It is very exciting to hear another positive story about vaccine trial results – a good vaccine is the most likely way of ending the pandemic.
Last week, interim results from Pfizer suggested its vaccine reduces cases of Covid-19 with 90% efficacy. Now Moderna has gone one better, with interim results showing nearly 95% efficacy for its vaccine – with hints that it may protect against severe disease. Neither has reported any serious safety concerns and have tested their vaccines in tens of thousands of participants.
With so many Covid-19 vaccines in development, more results are likely to follow in the coming months. Their headline figures may, like these, be very impressive, but it is necessary to dig deeper to find out exactly what any new results mean.
With that in mind, here are six questions to ask about any new vaccine trial result.
1. Does this mean the vaccine is safe?
Almost certainly yes if it has successfully passed through a phase 3 trial with thousands of participants. Vaccines do not get this far if there are any major doubts about safety.
Historically, pharmaceutical companies have been able to suppress negative results, but it is now legally required for all trials to post their results so that other scientists can review them. As a consequence, the sector is generally far more trusted than it used to be, although we should still be cautious if only interim results are being reported.
Some people are concerned that Covid-19 vaccines have been produced with unprecedented speed. However, the vast majority are based on platform technologies with excellent safety profiles. There are a few newer technologies being used, but the clinical trial and regulatory process is extremely rigorous and will pick up the majority of potential complications fairly early on in development.
Of course, it is still difficult to know yet about long-term side-effects, but these are rare for vaccines, and any risk is normally significantly lower than the risks from getting the disease being vaccinated against.
2. Do the figures reflect what the trial was designed to measure?
Trials often measure many things, but there is always a single primary research question or objective that a trial has been designed to answer.
Trials will also have several secondary research questions, but answering these is not considered a mark of success. If you test enough different objectives, a few will always be met due to blind chance. Misrepresenting trial data in this way is a form of research misconduct called p-hacking. You can find out the primary and secondary objectives of any trial by checking a clinical trial registry.
3. Did the trial measure the right thing?
Determining what counts as a medicine or drug “working” can be quite complicated for many diseases. But for vaccines, the question to ask is quite simple: did people who had the active vaccine get the disease? Any measure that’s more complicated than this (often referred to as a surrogate outcome) should be treated with caution.

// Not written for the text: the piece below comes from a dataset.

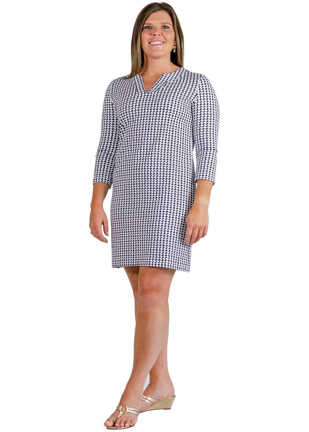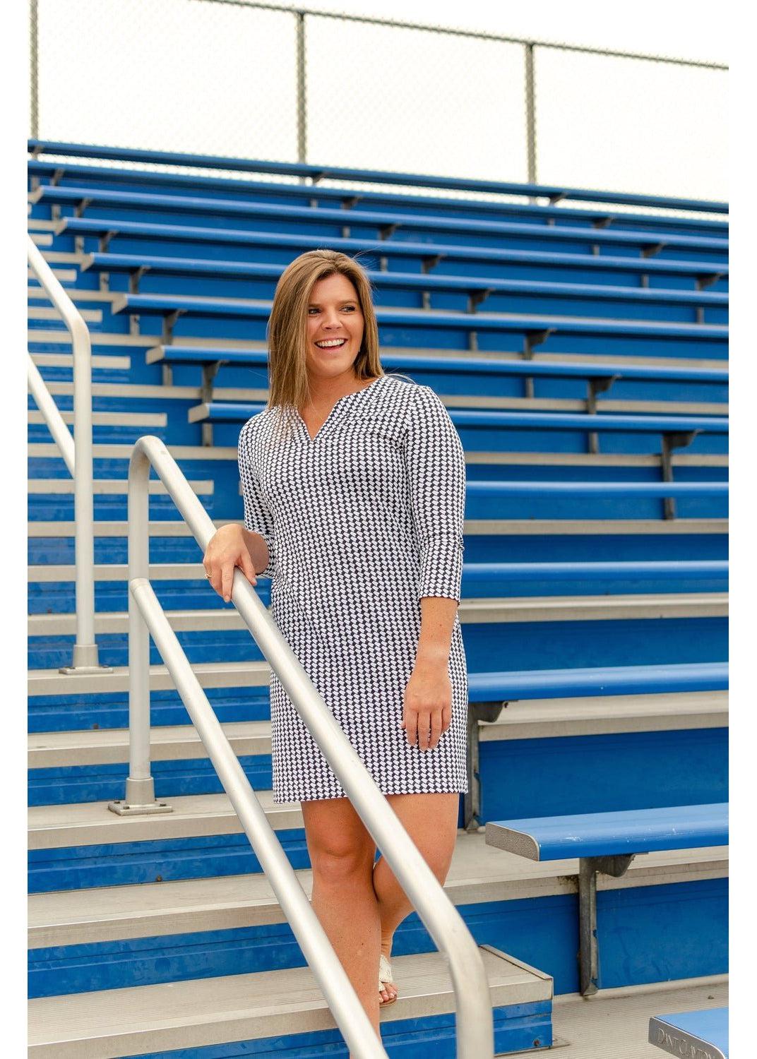 Lucille 3/4 Sleeve Dress - Alabama Houndstooth Black/White

4. Who was the vaccine tested on?
Are the results of a trial transferable to the real world? Here it’s important to understand the difference between a population (in this case everyone who can catch Covid-19) and the sample of that population who took part in the trial.
In many cases, trials use two carefully matched (and so comparable) samples in carefully controlled conditions. One is given the vaccine and the other a placebo (such as saline injection or an already developed vaccine for another disease) to control for the effect of participants thinking they have been vaccinated – which does have an effect.

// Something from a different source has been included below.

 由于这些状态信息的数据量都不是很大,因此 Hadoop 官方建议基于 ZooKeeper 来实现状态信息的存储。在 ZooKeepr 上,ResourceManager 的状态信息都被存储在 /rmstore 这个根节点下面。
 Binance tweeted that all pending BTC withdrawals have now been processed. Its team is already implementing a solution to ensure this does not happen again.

In phase 1 trials, safety concerns mean that samples are generally made up of young and fit people with few health concerns, who are probably not representative of the overall population. However, as trials progress into later phases and get bigger, researchers try to ensure a more representative sample of the population.
This is why the final-stage (phase 3) trials are so important, as the sample is chosen to represent the population that the vaccine is targeted at. Formal publications of trial results normally provide a table describing who was in the sample, and often efficacy rates for the different groups (broken down by sex, age and so on). Unfortunately, the headline efficacy figure (95% for instance) may not apply evenly across the population.

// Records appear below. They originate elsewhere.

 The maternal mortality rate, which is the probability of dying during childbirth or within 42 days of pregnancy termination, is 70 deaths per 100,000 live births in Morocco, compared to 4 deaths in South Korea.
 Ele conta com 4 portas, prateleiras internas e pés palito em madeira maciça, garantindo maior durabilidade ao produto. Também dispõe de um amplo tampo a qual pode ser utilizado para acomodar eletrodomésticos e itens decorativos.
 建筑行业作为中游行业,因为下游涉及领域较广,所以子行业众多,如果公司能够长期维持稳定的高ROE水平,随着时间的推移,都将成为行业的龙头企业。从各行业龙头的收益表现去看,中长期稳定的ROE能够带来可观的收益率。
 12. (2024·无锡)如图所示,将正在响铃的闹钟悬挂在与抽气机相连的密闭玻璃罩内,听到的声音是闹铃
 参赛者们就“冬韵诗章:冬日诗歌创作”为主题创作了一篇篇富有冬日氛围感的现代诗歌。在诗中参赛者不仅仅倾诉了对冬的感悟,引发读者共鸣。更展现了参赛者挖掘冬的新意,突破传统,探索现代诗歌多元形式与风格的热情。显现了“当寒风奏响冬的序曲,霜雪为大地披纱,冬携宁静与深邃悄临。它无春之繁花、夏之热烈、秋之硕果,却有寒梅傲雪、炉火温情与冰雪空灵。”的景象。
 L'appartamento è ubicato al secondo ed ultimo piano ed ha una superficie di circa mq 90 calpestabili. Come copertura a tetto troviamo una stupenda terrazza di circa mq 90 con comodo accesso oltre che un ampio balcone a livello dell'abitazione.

This is very important for Covid-19, as we know older people are much more vulnerable. We, therefore, should not read too much into any results until we can see an age breakdown for efficacy.
5. Will the vaccine be usable?
Before we get too excited, some practical questions must be asked. How much will the vaccine cost? Can it be made in bulk? Is it easy to transport and store? And how many boosters will be needed? These logistic problems (for instance, the requirement to be stored and transported at very low temperatures) can easily prevent a new vaccine getting into the clinic.
6. Can we trust what’s being reported?
It is an increasingly important skill to identify between reliable and unreliable sources. Social media is often superficial and prone to spreading misinformation. On the other hand, journal articles and clinical trial registries can be hard to interpret for anyone except specialists.
Trusted journalism is the answer. Seek out publications with editorial oversight and a track record of reliable scientific and medical reporting. Reading more than one interpretation can help you get a balanced view.
It is also important to ask where a journalist found the information they are reporting on. Referencing results published in peer-reviewed journals is a good sign – it shows some rigorous fact-checking has occurred. Be careful if an article’s main sources seem to be preprints (papers not yet peer-reviewed) or other so-called grey literature, such as press releases or company reports.
Likewise, be careful if the main source seems to be interviews or quotes from people with PhDs or impressive-sounding job titles. A quote from a scientist in an interview is not equivalent to a quote from the same scientist in a peer-reviewed academic paper.
Simon Kolstoe is a Senior Lecturer in Evidence-Based Healthcare and University Ethics Advisor at the University of Portsmouth.
This article first appeared on The Conversation.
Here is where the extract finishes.